Add any missing information. If you've followed the instructions to run services in docker containers, you'll be missing the following:
TEMP_STORAGE_DIR="/tmp/veridash"
OPENAI_ORG=""
OPENAI_PROJECT=""
OPENAI_API_KEY=""
The OpenAI credentials are not a requirement, but is needed to provide translations for video transcripts, and other GPT-based modules.
TEMP_STORAGE_DIR might need a different value if on Windows, and there might be some bugs pertaining to how file paths are made that can cause errors if running the program there. Fixes should be simple enough.
Note that the reccomended value /tmp is stored in memory (RAM) on most Linux systems.
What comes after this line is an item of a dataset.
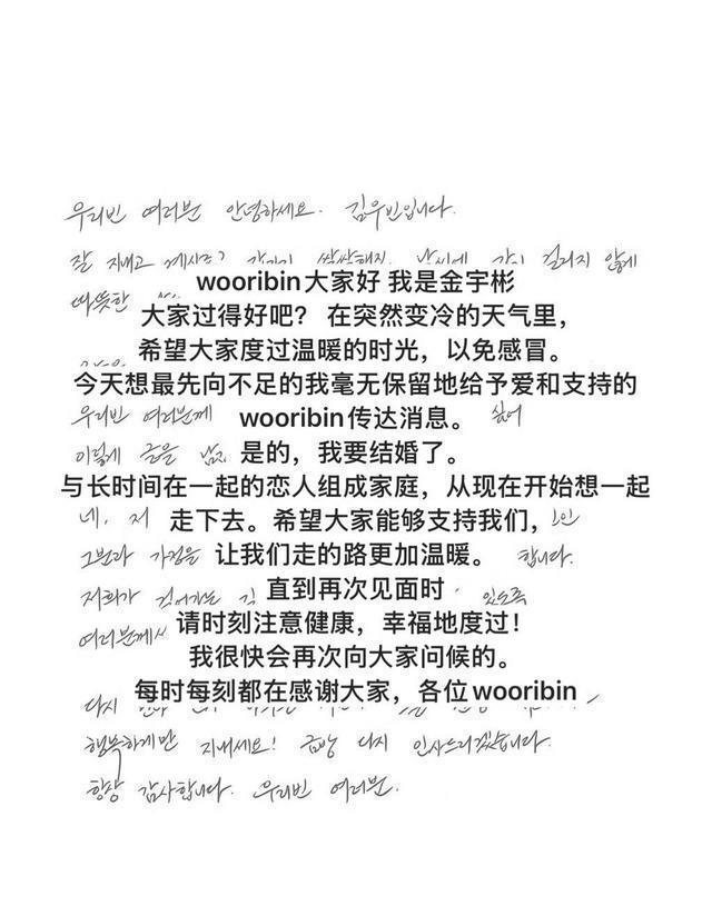 金宇彬通过亲笔手写信向粉丝传达婚讯,信中写道:“是的,我要结婚了。与长时间一起的恋人组成家庭,从此携手同行。”信中特别感谢粉丝多年支持,并称希望获得大家温暖的祝福。
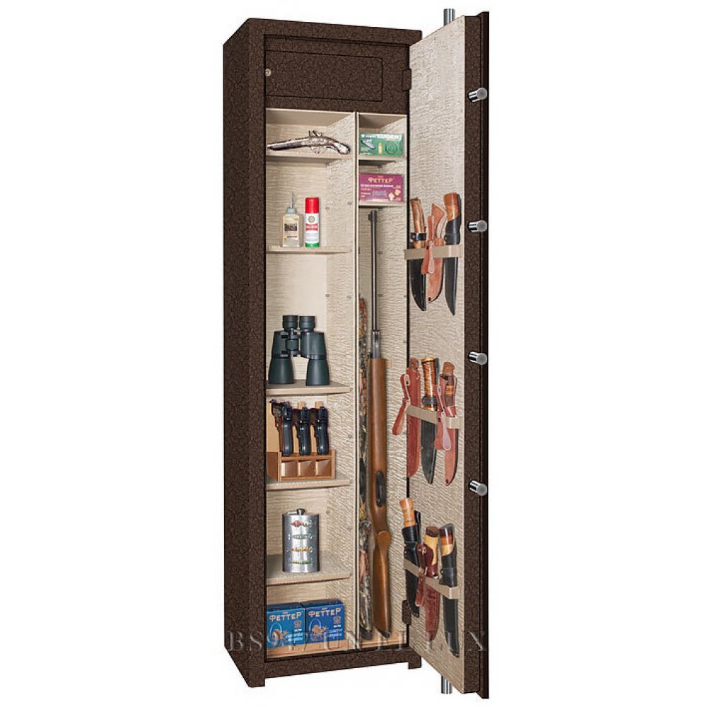 Внутри узкой области пять съёмных полок с регулируемой высотой установки, а также деревянные нижние и верхние ложементы на 2 ствола.

Consider changing the path if you experience problems related to low RAM availiability. MacOS users should not experience this issue.
You will need the Poetry package manager for Python. If you don't have it installed, follow this guide.
Navigate to the backend/ directory. Executing poetry install should create a virtual environment and add all dependencies.
Adding additional dependencies in the future can be done with the poetry add [package-name] command.
With all dependencies installed, in the backend/ directory, run poetry shell to activate the virtual environment.
Then run uvicorn veridash_backend.webserver.app:app --reload to start the application.
This will automatically reload when the source files change.
With all dependencies installed, in the backend/ directory, run poetry shell to activate the virtual environment.
Then run celery -A veridash_backend.worker.app worker to start the backend worker processes.
This won't automatically reload when the source files change.
Remember to stop the process with ^C (Ctrl+C), and rerun the command if you change the backend task code.
Transcription task might take a while the first time as the Whisper model will have to be downloaded. This happens automatically.
Navigate to the frontend/ directory. Executing pnpm install should grab all required dependencies.
If you want to add an additional dependency in the future: pnpm add [package-name].
In the frontend directory: pnpm run dev.
This starts a development server, that will automatically reload the page on file changes.
The page should be accessible on localhost:3000
Note that initial connection to the backend websocket can be shaky with the development server, I recommend manually reloading the page on first visit.